The European Union and Canada have ratcheted up pressure against US President Barack Obama's Buy American stimulus plan, sending letters to the White House and Congress in protest.
The EU ambassador to Washington, John Bruton, said he had written yesterday to the leaders of Congress and the Obama administration expressing concerns about government legislation to restrict procurement to American goods, including steel and textiles.
'We regard this legislation as setting a very dangerous precedent at a time when the world is facing a global economic crisis,' Mr Bruton said.
The Senate is considering a massive stimulus plan that restricts stimulus-funded infrastructure projects to use only US manufactured goods.
The House of Representatives last week approved an $819 billion stimulus bill with a more narrow Buy American restriction to US iron and steel.
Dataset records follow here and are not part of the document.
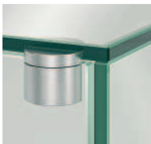
For all-glass constructions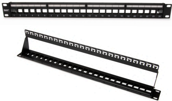
P/N 641-24U | Unshielded Unloaded Patch Panel 24 Port 24 port, 1U, UTP, 19 in.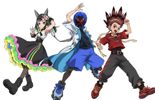
Image visual of the TV animation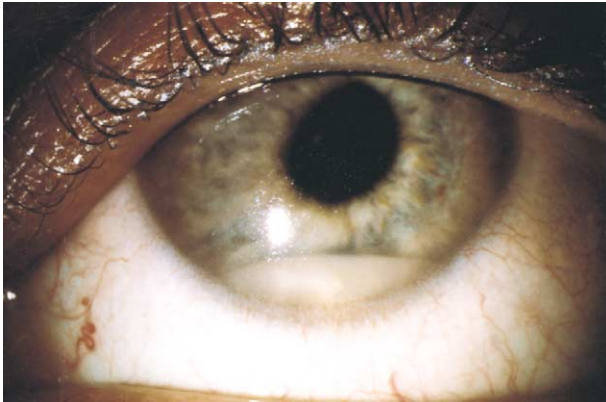
Fig. 1. Pseudohypopyon due to intraocular lymphoma.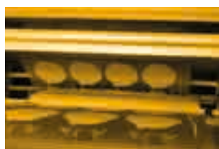
Apply Glue/Powder to wet Ink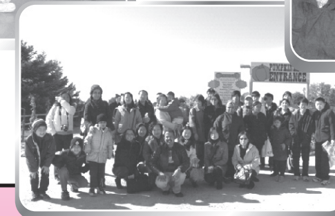
Host participants take a trip to Pumpkinland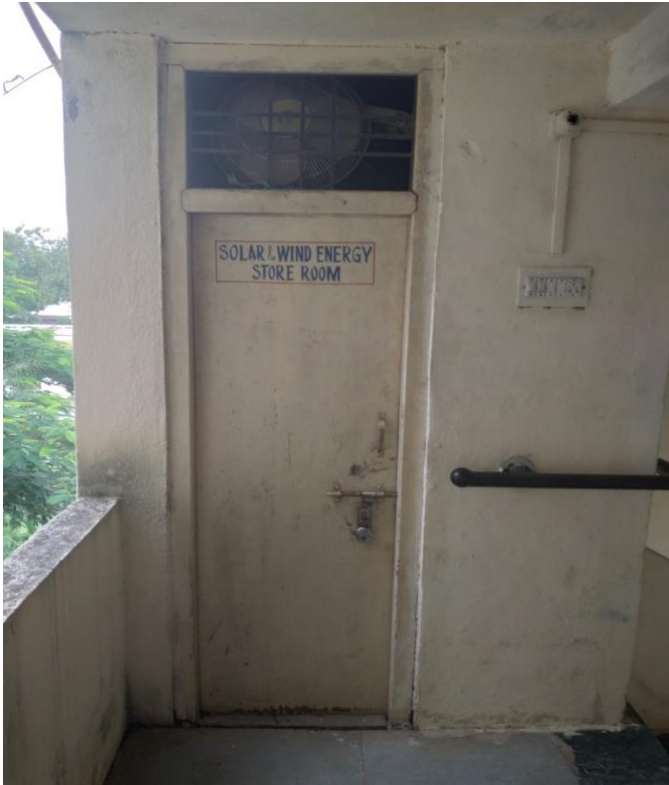
SOLAR WIND ENERGY STORE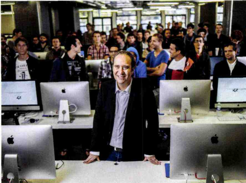
Niel, photographed with some of his students

“There’s a lack of social mobility. If you are the son of a doctor, you will be a doctor.” —Xavier Niel, CEO and founder, Iliad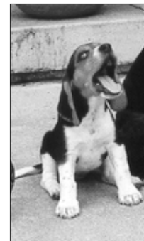
Distraction Number Two

And finally, the upcoming Chadwick Enduro. It's coming along. We have the course laid out. The women's and kids' loop is approximately 16 miles. The C riders have about 40 miles to go, the B course is just over 50 and the A loop is about 65 miles. It should be fun.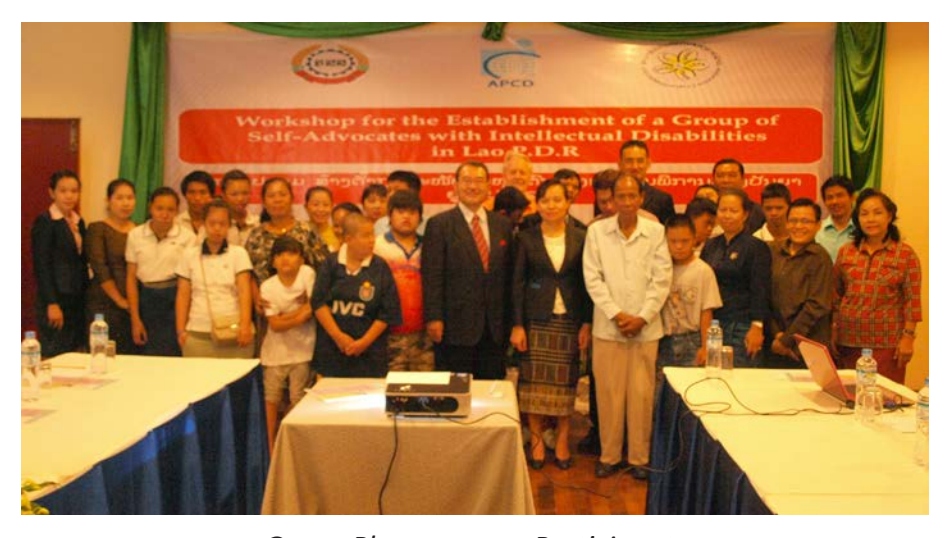
Group Photo among Participants

Thirty-five workshop participants were fruitfully accomplished the goal of the one-day workshop for the 'Establishment of a Group of Self-Advocates with Intellectual Disabilities in Lao PDR', that was intended to form the first Self-Advocate Group with Intellectual Disabilities in Lao PDR, and to promote collaboration among five countries (Lao PDR, Cambodia, Myanmar, Thailand and Vietnam).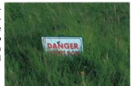
"Danger Slippery Slope". Sign found on Isle Arran, Scotland. Possible warning to debaters.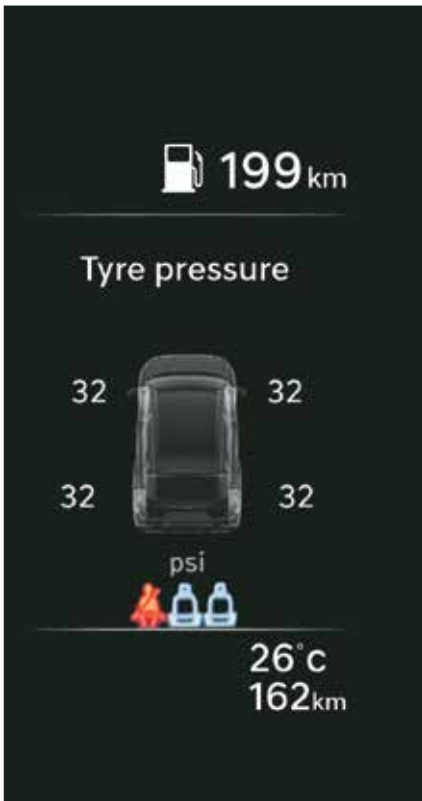
Tyre pressure monitoring system – Highline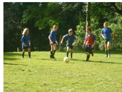
Some photos from the Soccer team try out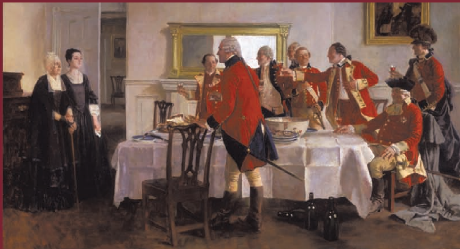
Howard Pyle (1853-1911), An Unwelcome Toast , 1895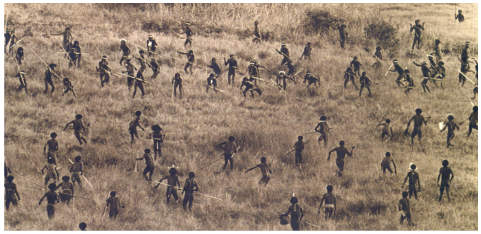
Figure 5. A skirmish between two Dani tribes in the Baliem Valley of the New Guinea Highlands. Their myths are mutually exclusive. Each thinks their group is better. The nationalistic myths of nation states are also mutually exclusive. Whether national myths promote or inhibit the survival of nationalists is an on-going concern of humanity.

In a life short and uncertain, it seems heartless to do anything that might deprive people of the consolation of faith when science cannot remedy their anguish. Those who cannot bear the burden of science are free to ignore its precepts. But we cannot have science in bits and pieces, applying it where we feel safe and ignoring it where we feel threatened – again, because we are not wise enough to do so. (Sagan 1997, p 279-80)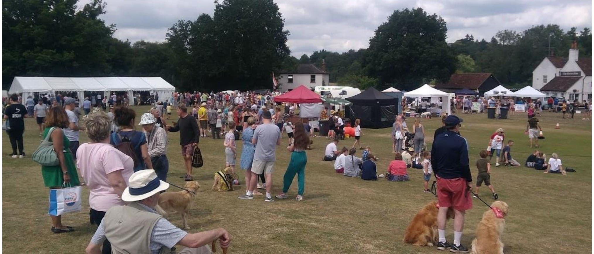
A Mid-Summer's Day at our Annual Village Fete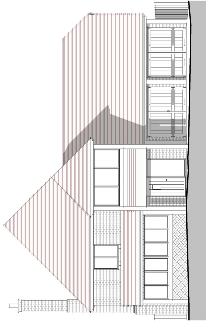
Elevation - Plot 3 - North 1 : 100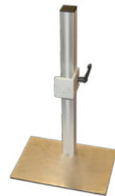
2400 Stand, small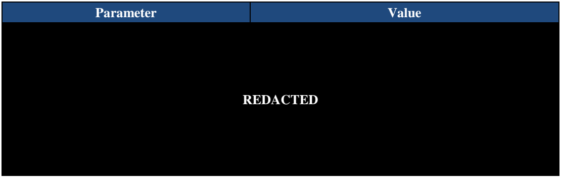
Table 5: Transmission Line Specifications

In summary, the proposed transmission line has the following specifications: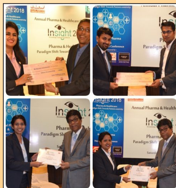
Winning students receiving the much deserved awards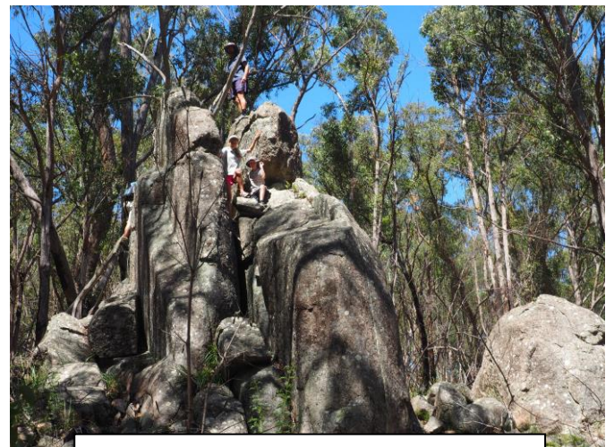
If you see a rock – Climb it!

As there were no clear views from the top we walked down to the south through some more amazing rock formations and onto a large open expanse of granite with views to Billy Goat Hill, Twin Peaks and West Bald Rock. We came across a couple of man-made rock structures but after a lot of discussion couldn't decide on their purpose.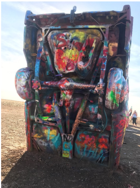
No part of this Cadillac was left without paint.

by about 5 p.m. after our stop at Cadillac Ranch. When I checked us in, instantly I could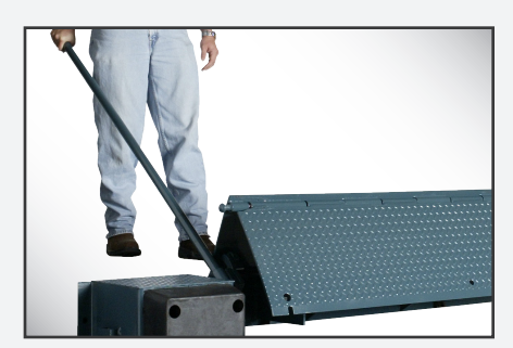
McGuire "Lift Free" lever action means no bending, lifting or pulling.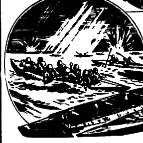
Two man and Eight man Kayaks made by ORCO land our fighting men on enemy shores.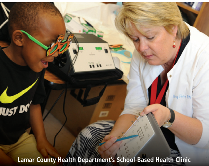
Lamar County Health Department's School-Based Health Clinic

We can help. It happens all the time at the Barnesville-Lamar Community Foundation. We make charitable giving easy and help you support your favorite causes and nonprofit organizations. You can create your own Donor Advised Fund at the Barnesville-Lamar Community Foundation.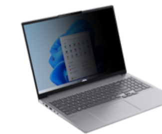
Lenovo 16" Clarity Privacy Filter 4XJ1U03940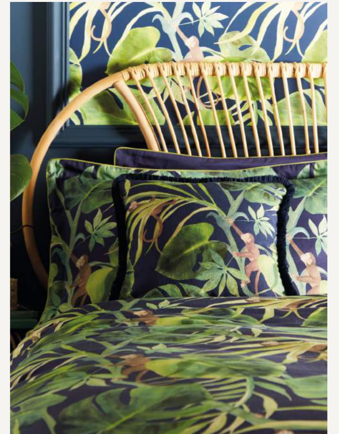
Top to Bottom: Monkey Business wallcovering indigo, Monkey Business bedlinen set indigo, velvet cushions made from Alvar navy and hunter, Monkey Business cushion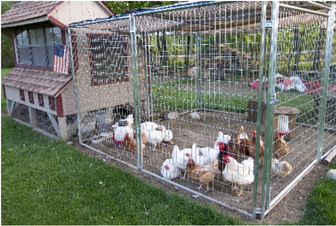
Figure 3. An example of a stand-alone poultry house with outdoor run.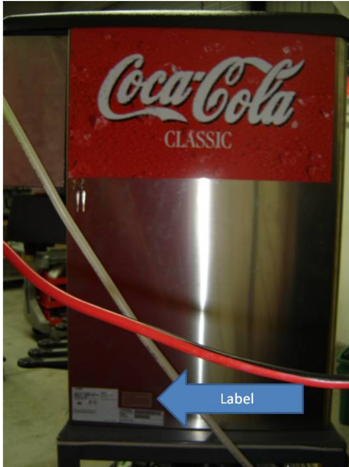
Figure 3: Sample Label Location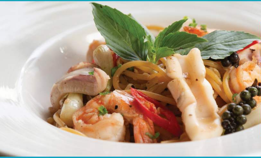
22 KAMPOT PEPPER SEAFOOD មីអ៊ីតាលីគ្រឿងសមុទ្រ Onions, Green Peppercorns, Khmer Basil.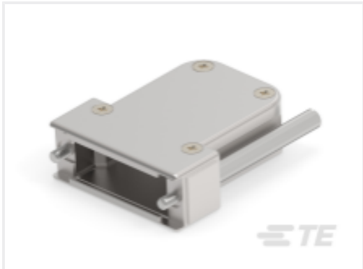
TE Part #1-2308341-6 FULL METAL HOODS SIZE 2-6 (RAW 180 DEG)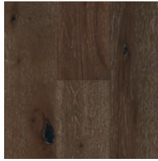
Dark Brown 6-1/2" EKNR63L17W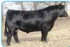
TJ High Calibre 556B Embryo Sire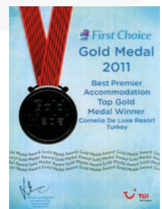
FIRST CHOICE – TOP GOLD MEDAL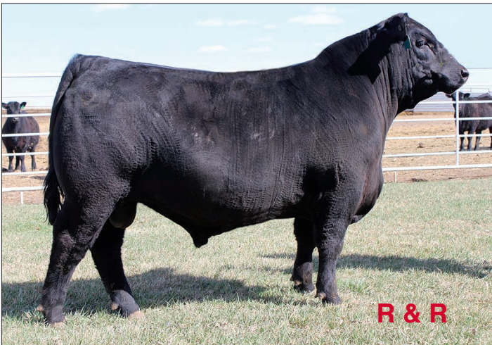
EB R & R 031 Sire of Lot 138.

- A very powerful bull out of a great first calf heifer.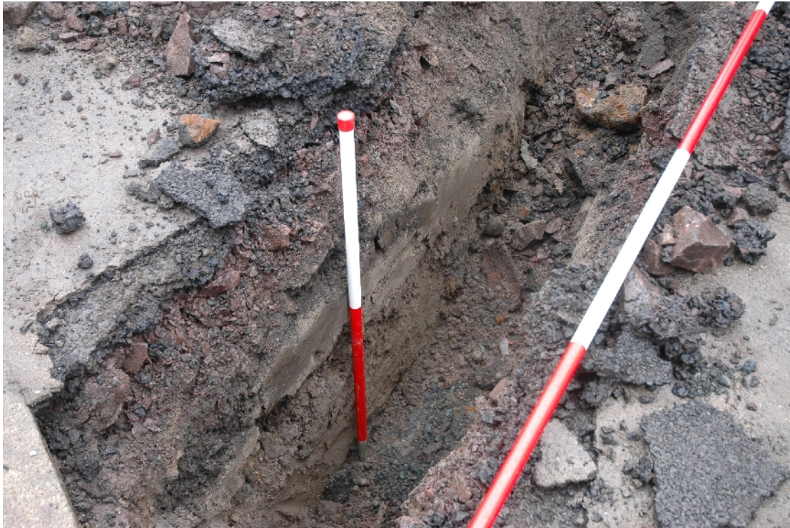
Illus 5 Trench 2 section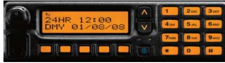
Internal clock setting example

With a high contrast dot matrix display, upper and lower case characters can be easily distinguished. The display shows 12 characters by 2 lines. LCD backlight is standard.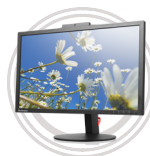
ThinkVision™ T-series Multimedia, Full-Series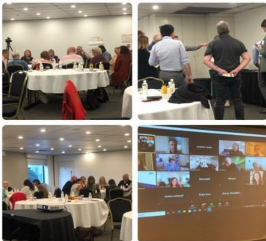
Photos of attendees at the MHLEEN Forum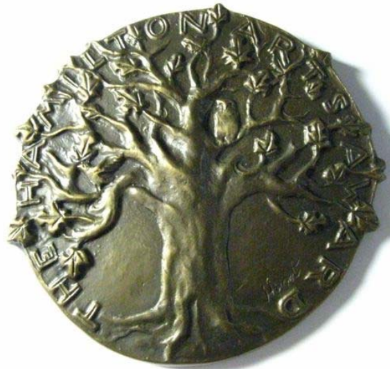
Arts Awards medallion by Dora de Pédery-Hunt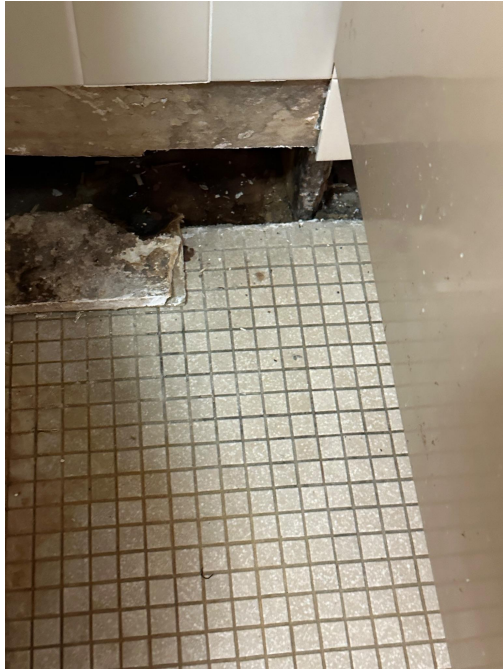
Bathroom Floor in Nikolai School - Iditarod School District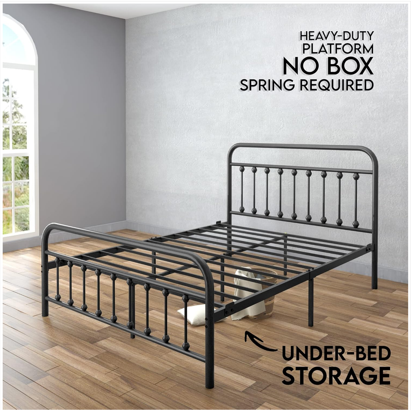
Figure 3: Under-bed storage area

HEAVY-DUTY PLATFORM NO BOX SPRING REQUIRED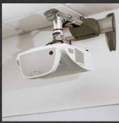
Designed for interactive and ultra short throw projectors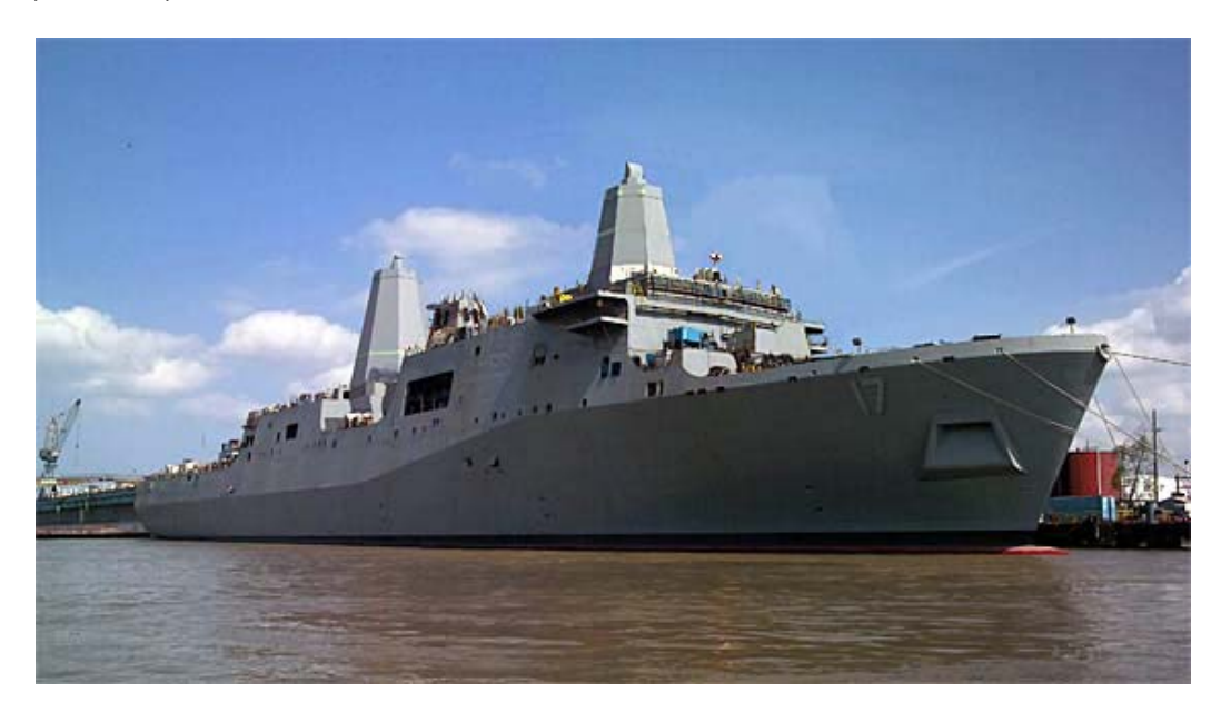
Figure 5: USS San Antonio (LPD 17)

The LDP 17 multi-mission San Antonio class ships (Figure 5) will be the first ships designed to accommodate the tilt-rotor MV-22 Osprey aircraft, the advanced amphibious assault vehicle (AAAV), and the landing craft air cushion (LCAC). LPD 17 aircraft compatibility testing will commence this summer using conventional helicopters, the V-22, and the AV-8B.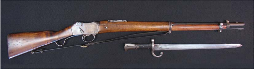
Fig. 9. A post-1910 Peabody Martini Rifle as chambered for the standard Mauser 7.65 × 53 cartridge, with the shortened barrel, 'Turkish Model' 1903 woodwork, alongside a straightened yataghan bayonet associated with this firearm.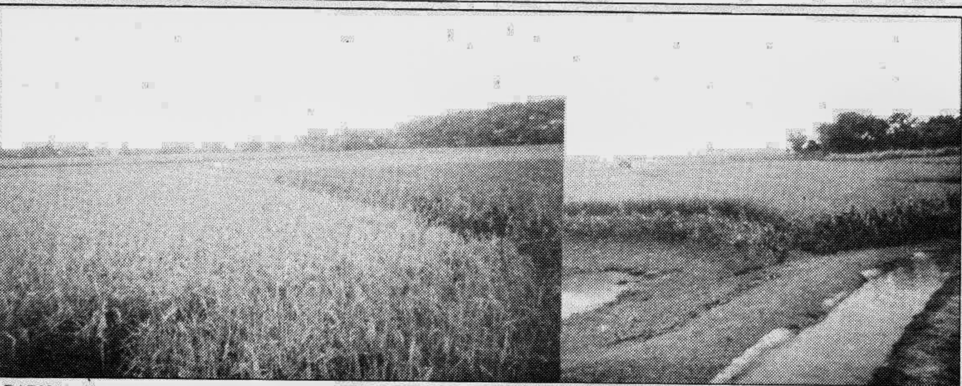
PABNA: (L-R) Bumper production of IRRI-Boro paddy has been achieved this year in Bera and Faridpur thanas. Farmers could not grow Boro paddy on fields in these two thanas during the previous years.

He was wanted by police for quite a long time, police said.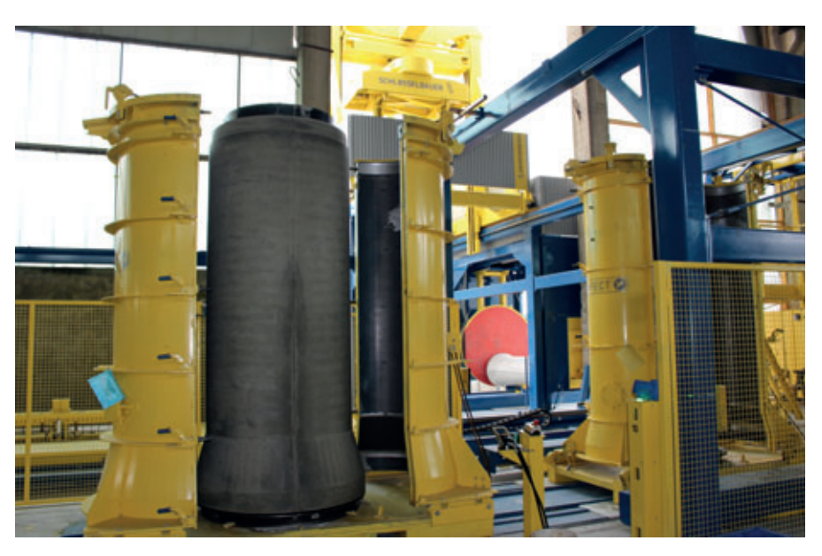
The pipes are carefully released and lifted up from the mould core by a robot equipped with a universal gripper for all pipe diameters.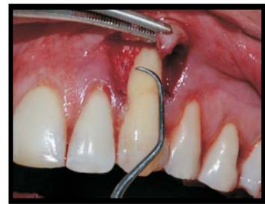
Figure 2(c): Root planing done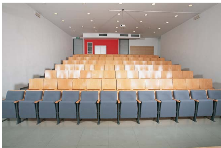
Faculty of Textile Technology inside

During the last decade, as a part of development strategy, room capacity has been enlarged, modern equip-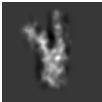
X Index: 80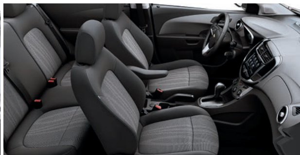
Dark Pewter Deluxe Cloth with Dark Titanium Accents 3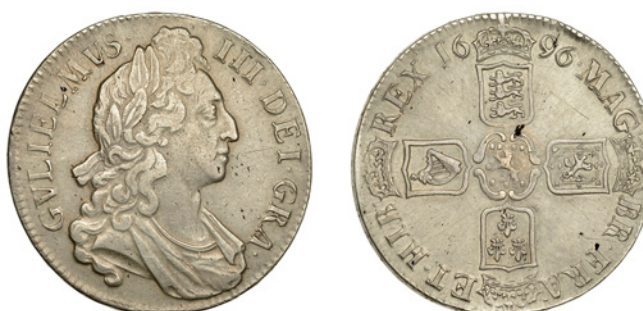
147 Crown, 1696, first bust, edge OCTAVO (ESC 995 [89]; S 3470). Good very fine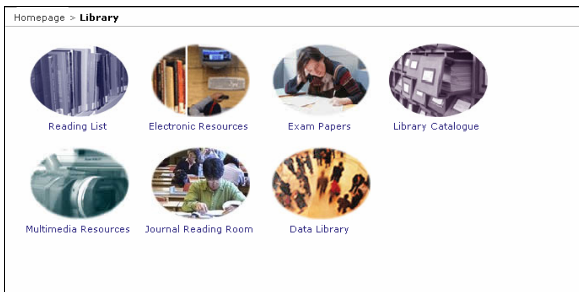
Figure 3: The Library Area in WebCT at LSE

The Library Area Template is analogous with a ‘course library’ allowing academic staff to customise the resources they present to students. All the icons are optional but the key areas it includes are: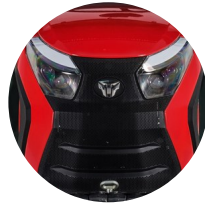
1. New iconic hood

Compact enough to give you the versatility you need, and powerful enough to take on the tougher jobs on and off the field.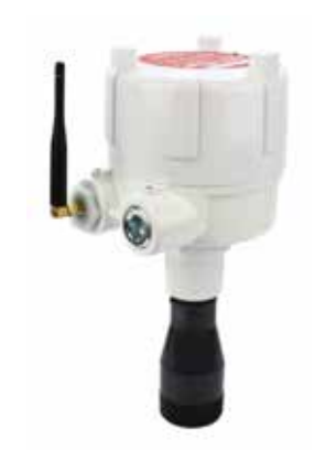
SPL-200/FVL-200 Laser Level Transmitter

Mr Bruton said the Buy American provision, if signed into law, could spur other countries to set up protectionist barriers and ultimately cost US jobs.
He recalled that the Group of 20 developed and developing countries, at a November emergency summit in Washington called to confront the financial crisis, had pledged to resist protectionism.
'More important is the confidence effect,' he said, as people around the world are looking to world leaders to steer the economy out of crisis.
Mr Bruton said he had received no response to the letters he had sent to the White House and the majority and minority leaders of the House and Senate.